The task:
Print exactly the lines that run from the opening line of the material through the line with "Ruffle Sleeve Henley Tunic-Florrie W22625-6", and nothing else, leaving out pictures.

[[ Dataset section, beginning ]]

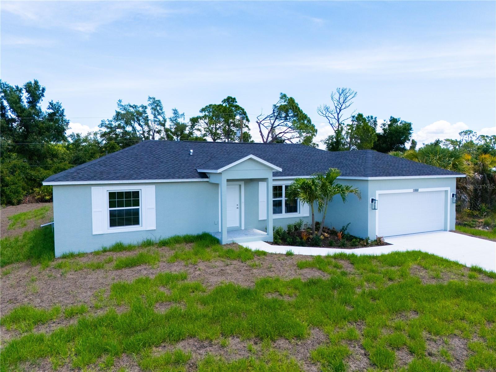 Located 8 miles from Manasota beach, this 3 Bedroom 2 Bath home features over 1600 square feet of livable space, stainless steel appliances included, vaulted ceilings, recessed lighting, plank-looking porcelain tile throughout & matching granite counter-tops in the kitchen and bathrooms. It's basically move-in-ready besides a washer and dryer! Plus, the included Hurricane shutters and up-to-date building specs will help to ensure your home insurance & utility bills are kept as low as possible. Other features include a 2 car garage with ceiling-mounted central air, which helps maximize garage storage, fans in every room and an open lanai at the rear of the home. Enjoy living just minutes away from the Gulf of Mexico and surrounding amenities, while still residing outside of a flood zone. No home-owners association, and no deed restrictions. Perfect for first time home buyers, families or those seeking to transition into something efficient and affordable. Don't miss out on this opportunity to own a brand new home in our beautiful area!
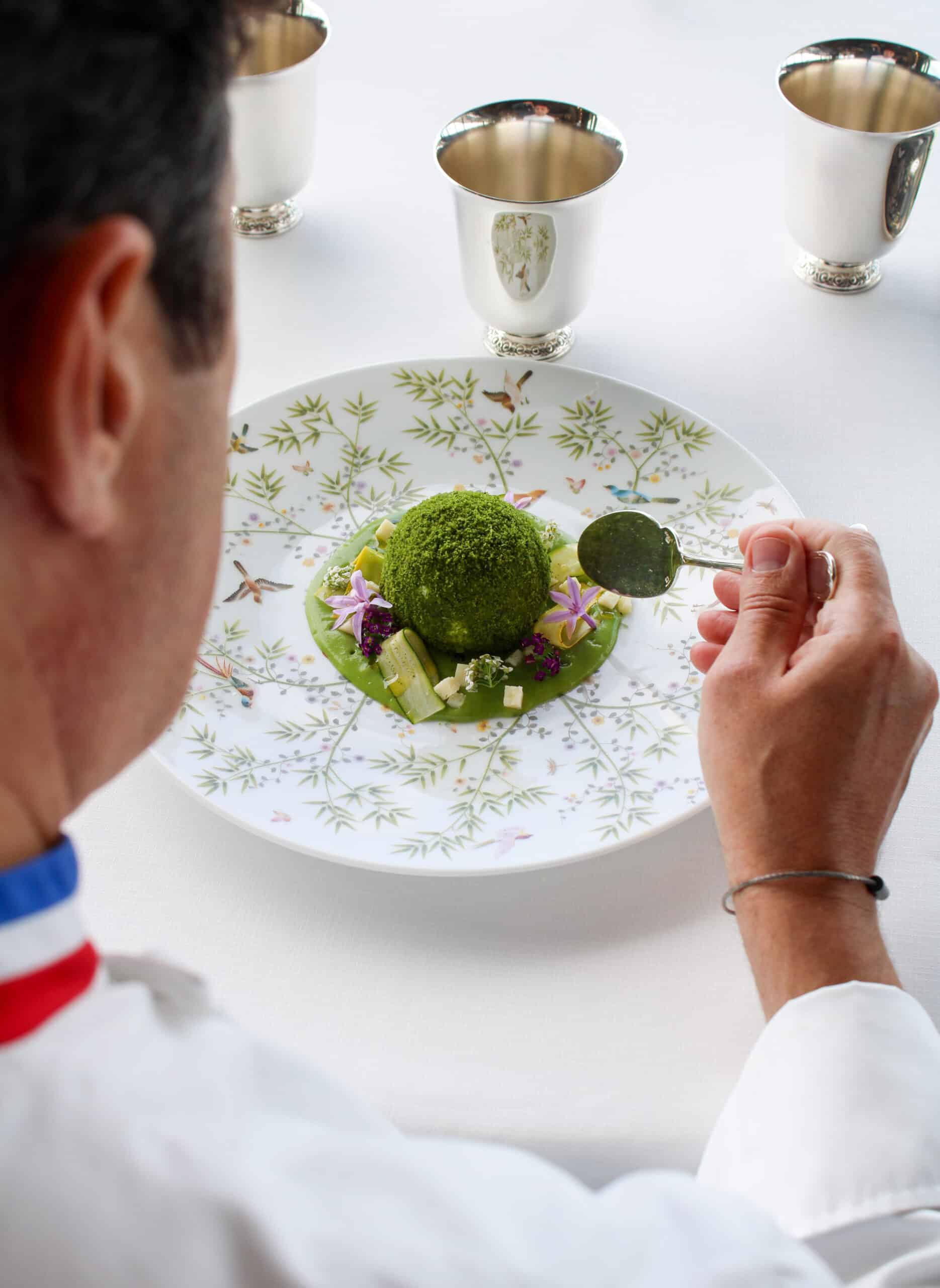 Our Chef Yannick Franques' signature dish has been revamped for the summer. Now coated with a green breadcrumb crust, the Egg Mystery is accompanied by a velvety trombetta zucchini sauce with a hint of basil-infused olive oil. Book now to discover its runny center and experience a timeless gastronomic adventure at La Tour d’Argent.
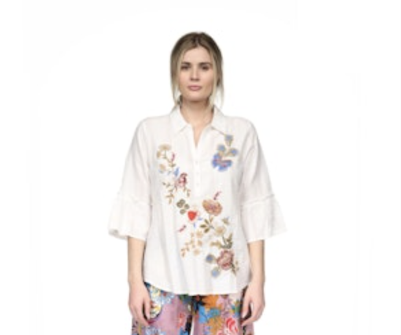 Ruffle Sleeve Henley Tunic-Florrie W22625-6
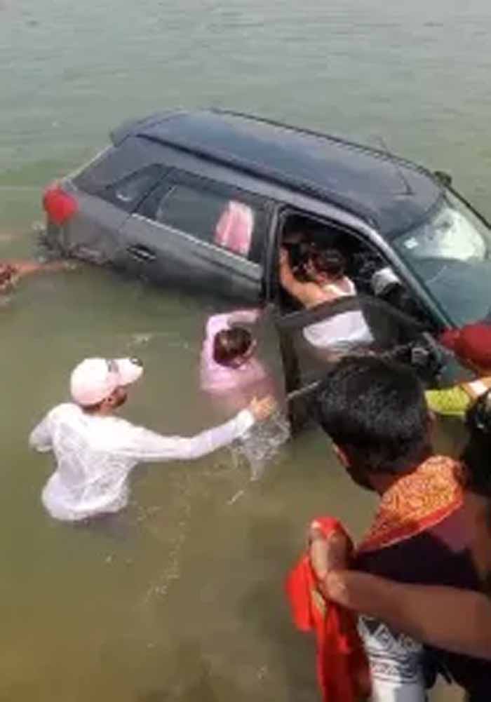 शिवपुरी जिले के अमोला थाना इलाके में रविवार को सिंध डैम पर एक बड़ा हादसा होते होते टल गया। यहां एक कार को पीछे से आ रहे ट्रक ने टक्कर मार दी। टक्कर के बाद कार अनियंत्रित होकर सिंध डैम में जा गिरी। कार के डैम में गिरते ही मौके पर मौजूद गोपाल परिहार, सुखदेव लोधी, मनोज कलावत और राकेश मिस्त्री ने बिना अपनी जान की परवाह किए डैम में छलांग लगाई और पानी में डूब रही कार में फंसे पति-पत्नी व दोनों बच्चों को सुरक्षित बाहर निकाल लिया। कार में कोटा निवासी शैलेन्द्र सिंह हांडा, उनकी पत्नी रेखा हांडा और बच्चे नोदिघ हांडा व देवदत्त हांडा सवार थे।

[[ Dataset section, end ]]

Written response:
 Located 8 miles from Manasota beach, this 3 Bedroom 2 Bath home features over 1600 square feet of livable space, stainless steel appliances included, vaulted ceilings, recessed lighting, plank-looking porcelain tile throughout & matching granite counter-tops in the kitchen and bathrooms. It's basically move-in-ready besides a washer and dryer! Plus, the included Hurricane shutters and up-to-date building specs will help to ensure your home insurance & utility bills are kept as low as possible. Other features include a 2 car garage with ceiling-mounted central air, which helps maximize garage storage, fans in every room and an open lanai at the rear of the home. Enjoy living just minutes away from the Gulf of Mexico and surrounding amenities, while still residing outside of a flood zone. No home-owners association, and no deed restrictions. Perfect for first time home buyers, families or those seeking to transition into something efficient and affordable. Don't miss out on this opportunity to own a brand new home in our beautiful area!
 Our Chef Yannick Franques' signature dish has been revamped for the summer. Now coated with a green breadcrumb crust, the Egg Mystery is accompanied by a velvety trombetta zucchini sauce with a hint of basil-infused olive oil. Book now to discover its runny center and experience a timeless gastronomic adventure at La Tour d’Argent.
 Ruffle Sleeve Henley Tunic-Florrie W22625-6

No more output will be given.